New, Shorter Lifetimes for SSL/TLS Certificates: What’s Changed and What Does This Mean for Users?

On 1 September 2020, new, shorter lifetimes were introduced for SSL/TLS certificates. They can now be valid for a maximum term of 13 months (i.e. 397 days). Browser manufacturers expect this change to bring greater security. For website operators, however, shorter lifetimes mean more work.

Certificate Authorities (CAs), such as D‑TRUST, and browsers are independent of each other. Browsers use certificates to determine the trust level of websites. CAs benefit when certificates are displayed in the browser. This process is managed by root programs. In order for a certificate to be considered trustworthy, CAs must follow the guidelines of the root program and at the same time those of the browser operator.
 

Why did browser manufacturers opt to have the period of validity reduced?
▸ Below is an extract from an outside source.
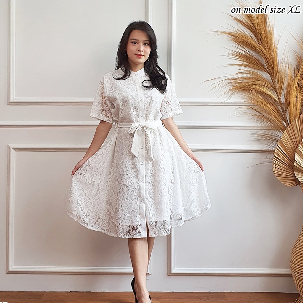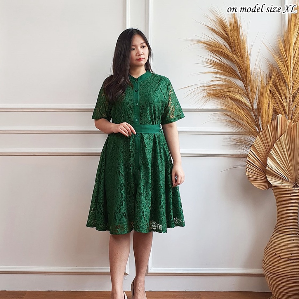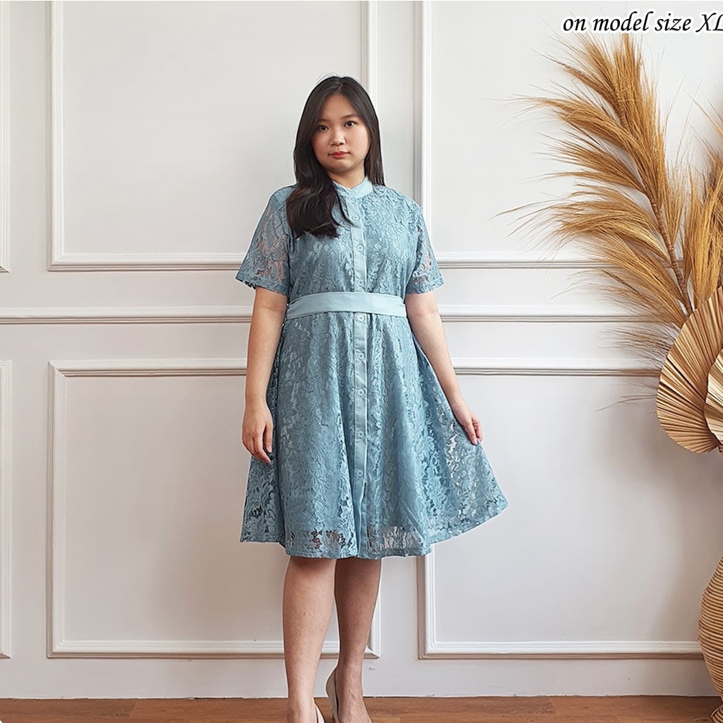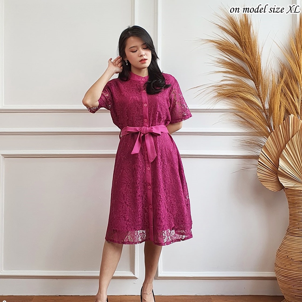 Dress Gaun Pesta Brokat Pendek Dress Wanita Modern Mewah untuk Kondangan Dress Simple Elegan
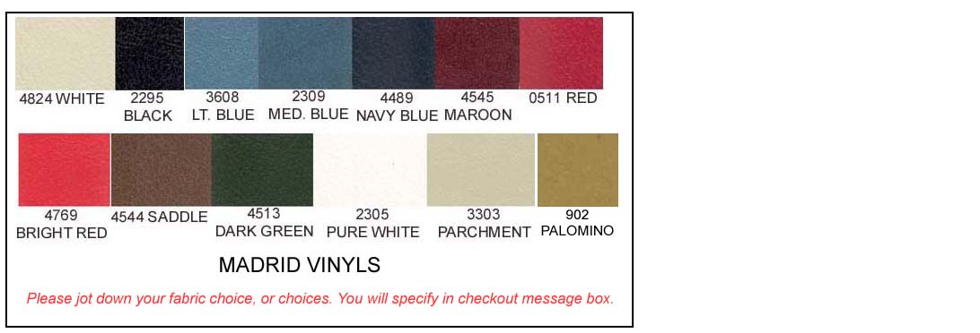 We have scanned the popular vinyl colors to assist you in selecting a color or colors.

Up until 2015, it was still possible to issue certificates with a validity period of up to five years. This was reduced to three years in 2018 and later to only two years. Now, under strong pressure from major browser manufacturers, a decision was made to limit the validity of website certificates to one year beginning September 2020. This move offers two major advantages.

• From a technical perspective, updates and changes can now be implemented much faster.
• From a user perspective, there is a security advantage: If a certificate is valid for just one year, the identity behind the certificate will be verified once again the following year. Browser manufacturers hope that the shorter validation intervals will lead to greater security on the net.
   

What does this decision mean for individual website operators?

• Validity: This change has no effect on SSL/TLS certificates purchased before 1 September of this year. These certificates will remain valid until they reach their expiry date even if they were issued for two years. All website certificates purchased after 1 September 2020 are now valid for one year only. It is therefore advisable to keep a precise record of when certificates are due to expire. This often means higher costs and more time for correct connection.
  
  Website operators who use several certificates should manage them using a suitably managed PKI platform. In this way, operators are informed before a certificate expires—and new certificates can be applied for and issued in a matter of seconds. Following initial verification of the company and domain, it is no longer necessary to verify every single certificate request.
   
• Certificate type: The decision to shorten the validity period also influences the choice of certificate: In the case of organization-validated or extended validated certificates, the identity of the website operator is thoroughly checked by the CA. This, however, requires more work that must now be carried out at ever shorter intervals. There is a risk that due to this additional work users will be likely to resort to certificates without proof of identity. However, identity-validated certificates are what, in fact, creates greater security on the net.
  
  In the case of domain-validated (DV) certificates, verification is limited to checking whether the customer is also the owner of a domain. This often creates a false sense of security. Cybercriminals often take advantage of this and register with a similar sounding URL which then enables them to easily obtain a DV certificate.
  
  Identity-validated certificates are the certificate of choice for secure online communication. In the case of organization-validated (OV) certificates, the organization behind the website is checked in addition to the domain.
  
  When it comes to extended validated (EV) certificates, the certificate provider also checks whether the applicant actually works for the stated organization and is authorized to apply for a certificate. It is therefore advisable to invest in identity-validated certificates. Only then will data traffic on the net become more secure, SSL-secured pages will have a higher level of trust and traffic will increase.
   
• Partners: Since certificates have to be renewed annually, it makes sense to work with a provider who knows the requirements of the country in question and who can communicate with the website operator in the same time zone and language.
  
  In Europe, the eIDAS regulation provides guidance on qualified trust service providers (qTSPs). These TSPs are subject to very strict security requirements and liability rules and are obliged, among other things, to demonstrate that their technical and organizational measures are state-of-the-art. They, like D‑TRUST GmbH, can be recognized by the EU trust mark.

Recent developments due to the shortened lifetime of SSL/TLS certificates show just how important domain validation methods are becoming. It goes without saying that an efficient certificate management system is also required, which provides information in good time before a certificate expires. A corresponding solution from Venafi combined with the managed PKI solution from D-TRUST ensures a perfectly smooth workflow.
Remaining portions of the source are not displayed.